La grosse cylindrée de BERNARD GARDON et JEAN-PAUL BERTRAND-DEMANES.


Le Mans, Indianapolis ou Monaco, c'est la Mecque du sport automobile pour des pilotes qui n'ont pas froid aux yeux. Or, on aurait vite fait d'oublier Nantes et son circuit mythique qui a vu passer un bon paquet de trompe-la-mort négociant virages et chicanes le pied dans la taule comme Jean-Pierre Jarier. Tout « godasse de plomb » qu'il est, le fou du volant de la F1 aurait-il eu le cran de se mesurer à la jeune classe nantaise, Bernard Gardon en tête suivi de Jean-Paul Bertrand-Demanes qui, selon une expression bien connue des chauffeurs du dimanche, se prennent un peu pour Fangio - casque d'époque à l'appui - avec leurs petits bolides aux allures de prototypes pas vraiment réglementaires.
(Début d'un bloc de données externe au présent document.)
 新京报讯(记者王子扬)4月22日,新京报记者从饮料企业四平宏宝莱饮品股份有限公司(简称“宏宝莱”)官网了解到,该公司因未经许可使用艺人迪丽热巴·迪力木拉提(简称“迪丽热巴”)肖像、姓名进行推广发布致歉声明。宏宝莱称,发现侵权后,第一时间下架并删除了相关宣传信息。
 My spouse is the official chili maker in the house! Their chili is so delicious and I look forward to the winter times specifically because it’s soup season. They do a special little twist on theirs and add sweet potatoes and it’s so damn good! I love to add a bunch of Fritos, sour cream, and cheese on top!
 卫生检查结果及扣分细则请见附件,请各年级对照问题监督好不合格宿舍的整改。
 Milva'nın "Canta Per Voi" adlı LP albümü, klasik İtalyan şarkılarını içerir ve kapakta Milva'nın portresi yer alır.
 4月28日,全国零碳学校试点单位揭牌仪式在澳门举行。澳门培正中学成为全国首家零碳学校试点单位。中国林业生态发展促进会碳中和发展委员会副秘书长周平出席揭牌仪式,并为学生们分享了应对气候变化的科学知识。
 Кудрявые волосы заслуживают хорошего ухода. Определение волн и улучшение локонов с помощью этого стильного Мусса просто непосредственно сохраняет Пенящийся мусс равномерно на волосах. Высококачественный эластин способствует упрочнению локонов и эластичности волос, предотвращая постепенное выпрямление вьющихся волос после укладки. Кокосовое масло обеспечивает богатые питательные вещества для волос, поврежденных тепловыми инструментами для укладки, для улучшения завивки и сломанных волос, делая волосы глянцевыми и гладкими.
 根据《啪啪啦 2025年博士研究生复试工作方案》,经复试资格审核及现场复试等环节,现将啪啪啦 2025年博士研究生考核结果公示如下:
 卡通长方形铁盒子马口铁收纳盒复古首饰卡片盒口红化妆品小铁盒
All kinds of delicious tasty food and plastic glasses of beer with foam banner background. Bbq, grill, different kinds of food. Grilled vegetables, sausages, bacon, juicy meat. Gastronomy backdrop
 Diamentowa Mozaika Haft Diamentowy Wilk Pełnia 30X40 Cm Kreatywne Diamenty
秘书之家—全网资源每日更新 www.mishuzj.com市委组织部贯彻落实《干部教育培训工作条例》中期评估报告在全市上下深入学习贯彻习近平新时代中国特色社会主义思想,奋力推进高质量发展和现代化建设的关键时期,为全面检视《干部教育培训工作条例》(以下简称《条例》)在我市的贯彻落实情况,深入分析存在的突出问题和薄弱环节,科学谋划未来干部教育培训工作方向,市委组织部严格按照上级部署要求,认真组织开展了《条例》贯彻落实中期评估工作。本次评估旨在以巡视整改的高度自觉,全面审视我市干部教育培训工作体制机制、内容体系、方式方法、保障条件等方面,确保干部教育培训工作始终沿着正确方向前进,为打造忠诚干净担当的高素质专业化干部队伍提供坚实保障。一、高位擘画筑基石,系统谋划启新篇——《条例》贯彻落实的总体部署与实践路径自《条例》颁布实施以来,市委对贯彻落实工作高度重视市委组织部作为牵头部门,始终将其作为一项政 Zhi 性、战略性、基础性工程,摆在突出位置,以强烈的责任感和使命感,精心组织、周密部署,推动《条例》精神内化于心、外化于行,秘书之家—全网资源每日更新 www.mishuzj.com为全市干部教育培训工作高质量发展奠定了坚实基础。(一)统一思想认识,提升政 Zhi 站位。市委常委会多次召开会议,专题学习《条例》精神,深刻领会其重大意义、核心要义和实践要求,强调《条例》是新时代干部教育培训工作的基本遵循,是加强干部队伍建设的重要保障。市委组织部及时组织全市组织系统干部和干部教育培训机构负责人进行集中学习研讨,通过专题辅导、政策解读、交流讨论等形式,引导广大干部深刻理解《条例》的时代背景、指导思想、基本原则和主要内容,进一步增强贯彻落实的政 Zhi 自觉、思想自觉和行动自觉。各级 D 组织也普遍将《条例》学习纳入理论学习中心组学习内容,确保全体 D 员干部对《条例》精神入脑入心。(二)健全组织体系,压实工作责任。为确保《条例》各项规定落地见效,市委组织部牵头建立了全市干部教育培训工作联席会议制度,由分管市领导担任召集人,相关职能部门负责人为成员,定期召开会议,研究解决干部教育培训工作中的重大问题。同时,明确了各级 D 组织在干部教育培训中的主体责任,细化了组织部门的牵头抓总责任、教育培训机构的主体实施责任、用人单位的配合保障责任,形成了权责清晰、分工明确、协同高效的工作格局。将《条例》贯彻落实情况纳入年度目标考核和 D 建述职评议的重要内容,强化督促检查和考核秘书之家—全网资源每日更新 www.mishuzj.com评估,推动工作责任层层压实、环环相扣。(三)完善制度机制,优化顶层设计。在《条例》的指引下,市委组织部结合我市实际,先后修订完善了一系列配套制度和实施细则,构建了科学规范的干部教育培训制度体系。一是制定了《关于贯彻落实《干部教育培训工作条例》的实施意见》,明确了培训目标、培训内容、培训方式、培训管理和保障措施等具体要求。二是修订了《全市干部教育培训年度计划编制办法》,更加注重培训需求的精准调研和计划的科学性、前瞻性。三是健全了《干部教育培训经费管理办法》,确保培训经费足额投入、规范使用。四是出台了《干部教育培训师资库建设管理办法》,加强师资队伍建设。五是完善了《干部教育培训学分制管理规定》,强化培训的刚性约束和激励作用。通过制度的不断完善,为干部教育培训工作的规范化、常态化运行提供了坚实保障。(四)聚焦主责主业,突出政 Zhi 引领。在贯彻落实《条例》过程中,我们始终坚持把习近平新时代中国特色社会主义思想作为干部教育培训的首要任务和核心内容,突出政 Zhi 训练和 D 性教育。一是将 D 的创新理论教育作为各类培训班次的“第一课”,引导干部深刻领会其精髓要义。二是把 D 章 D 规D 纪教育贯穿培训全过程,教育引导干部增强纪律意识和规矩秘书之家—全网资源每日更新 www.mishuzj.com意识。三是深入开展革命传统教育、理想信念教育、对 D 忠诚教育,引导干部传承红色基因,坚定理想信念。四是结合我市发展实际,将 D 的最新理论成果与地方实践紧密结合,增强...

Karting ? Bobsleigh à roulettes ? Le tandem canari fonce vers le drapeau à damiers dans la dernière ligne droite, pas celle des Hunaudières, mais d'un championnat long comme le circuit de la Sarthe, théâtre de drames et d'exploits comme celui réalisé par Jacky Ickx en 1969. Dans le rôle du pilote belge inconnu, le gardien nantais prend l'aspiration de Bernard Gardon qui joue, à juste titre, le poisson-pilote pour son coéquipier. « Allez Jean-Paul, si t'es champion... ». On connaît la chanson, même si Alain Resnais et sport-auto, ça fait deux. Par contre Steve Mc Queen, lui, c'était pas un pourri au volant.